Provided records:
*****

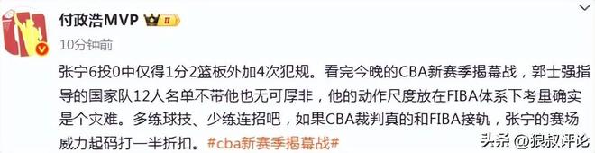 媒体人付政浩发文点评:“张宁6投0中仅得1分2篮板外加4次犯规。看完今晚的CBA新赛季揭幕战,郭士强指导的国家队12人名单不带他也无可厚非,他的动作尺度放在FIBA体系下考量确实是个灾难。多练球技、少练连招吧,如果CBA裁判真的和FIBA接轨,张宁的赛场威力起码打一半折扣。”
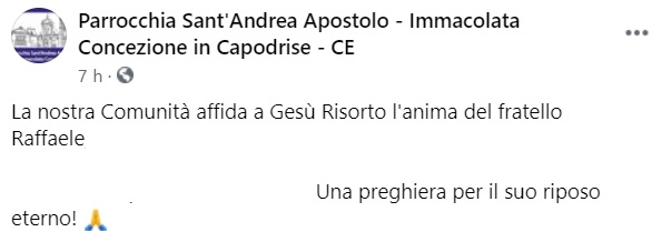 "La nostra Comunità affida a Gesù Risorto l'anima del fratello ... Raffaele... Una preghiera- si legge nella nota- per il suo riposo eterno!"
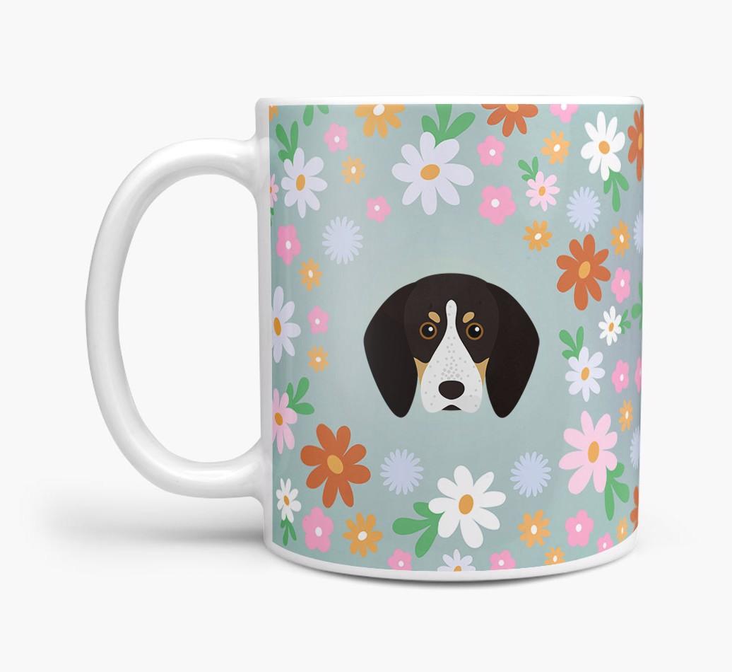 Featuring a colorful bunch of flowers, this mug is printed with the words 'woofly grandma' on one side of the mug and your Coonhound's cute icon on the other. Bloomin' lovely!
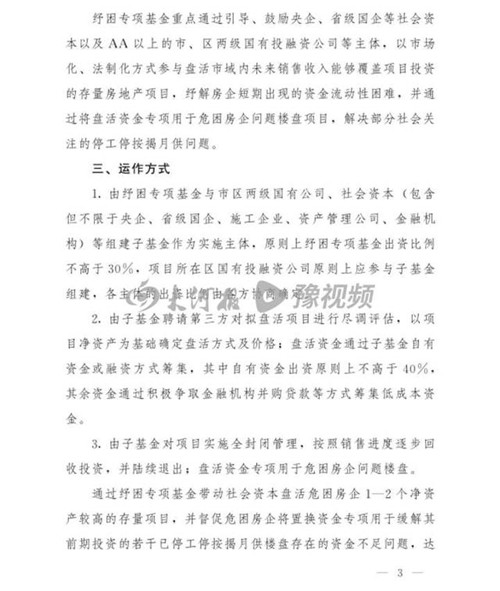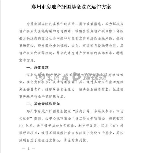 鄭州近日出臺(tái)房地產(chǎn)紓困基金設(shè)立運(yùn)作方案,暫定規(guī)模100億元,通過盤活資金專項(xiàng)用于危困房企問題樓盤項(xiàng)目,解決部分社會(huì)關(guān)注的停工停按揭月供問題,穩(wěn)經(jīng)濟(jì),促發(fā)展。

*****

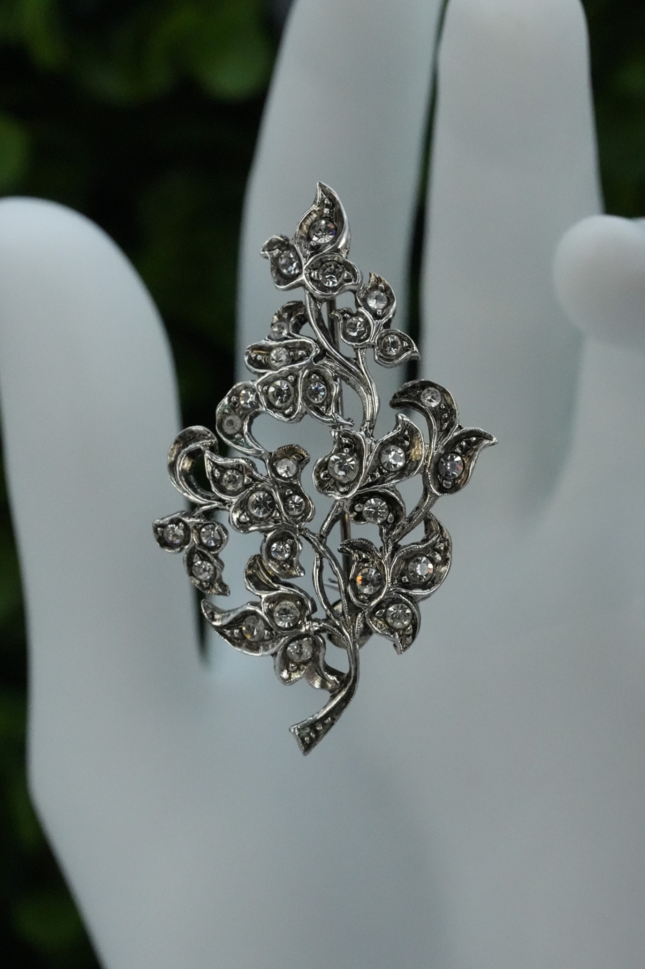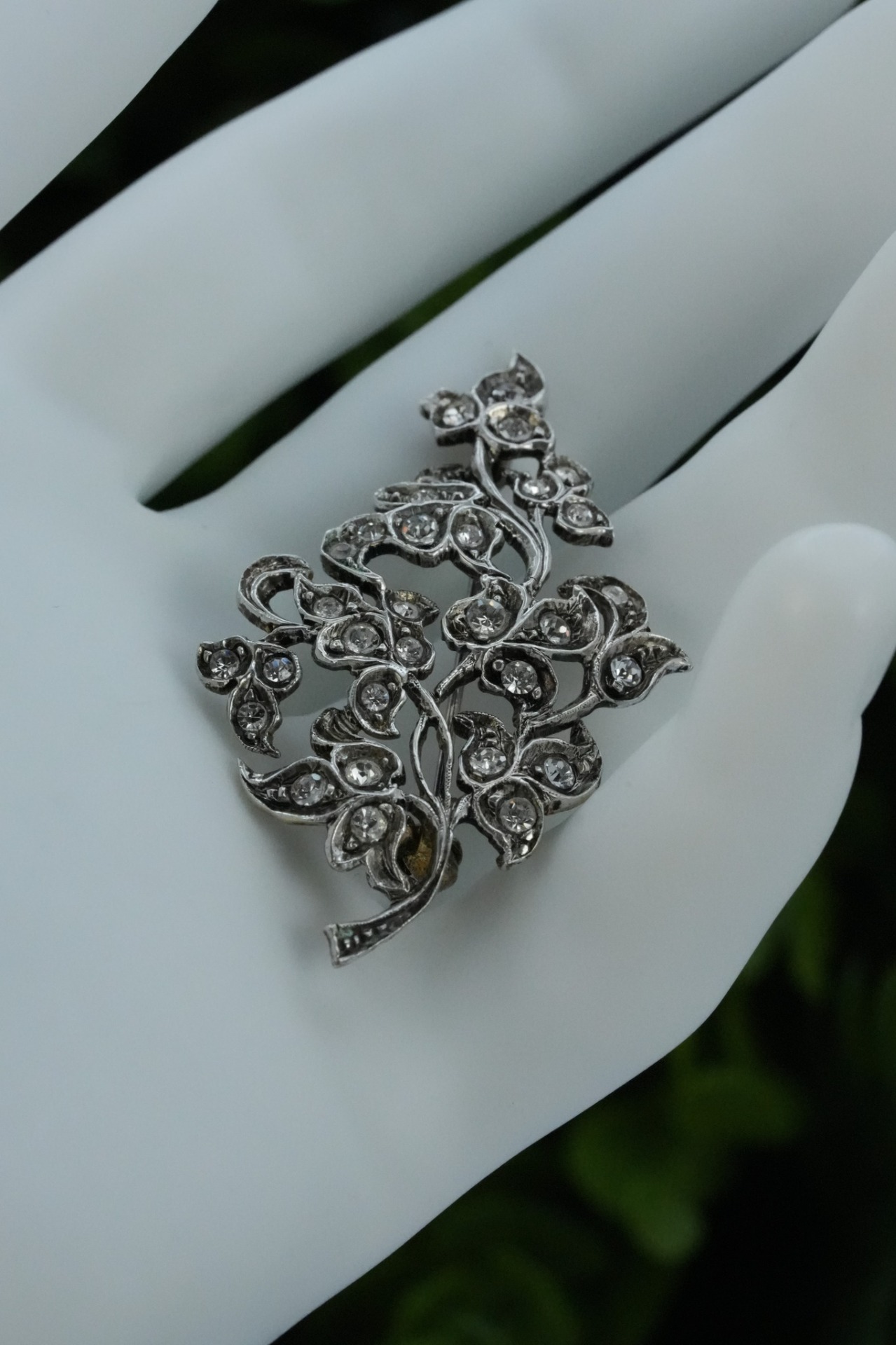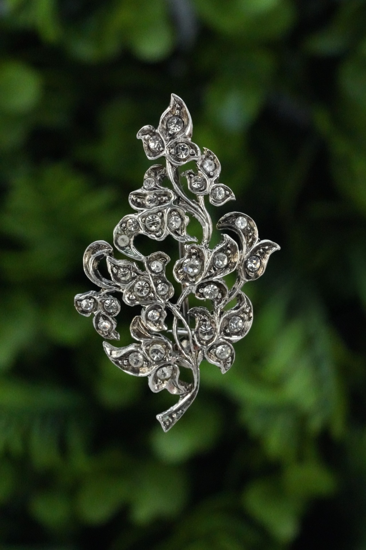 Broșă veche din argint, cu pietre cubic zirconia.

*****

Exercise goal: Given the entries above, transcribe exactly the lines from the one holding "Featuring a colorful" through the one holding "鄭州近日出臺(tái)房地產"; pictures do not belong in the transcription.

Task result:
 Featuring a colorful bunch of flowers, this mug is printed with the words 'woofly grandma' on one side of the mug and your Coonhound's cute icon on the other. Bloomin' lovely!
 鄭州近日出臺(tái)房地產(chǎn)紓困基金設(shè)立運(yùn)作方案,暫定規(guī)模100億元,通過盤活資金專項(xiàng)用于危困房企問題樓盤項(xiàng)目,解決部分社會(huì)關(guān)注的停工停按揭月供問題,穩(wěn)經(jīng)濟(jì),促發(fā)展。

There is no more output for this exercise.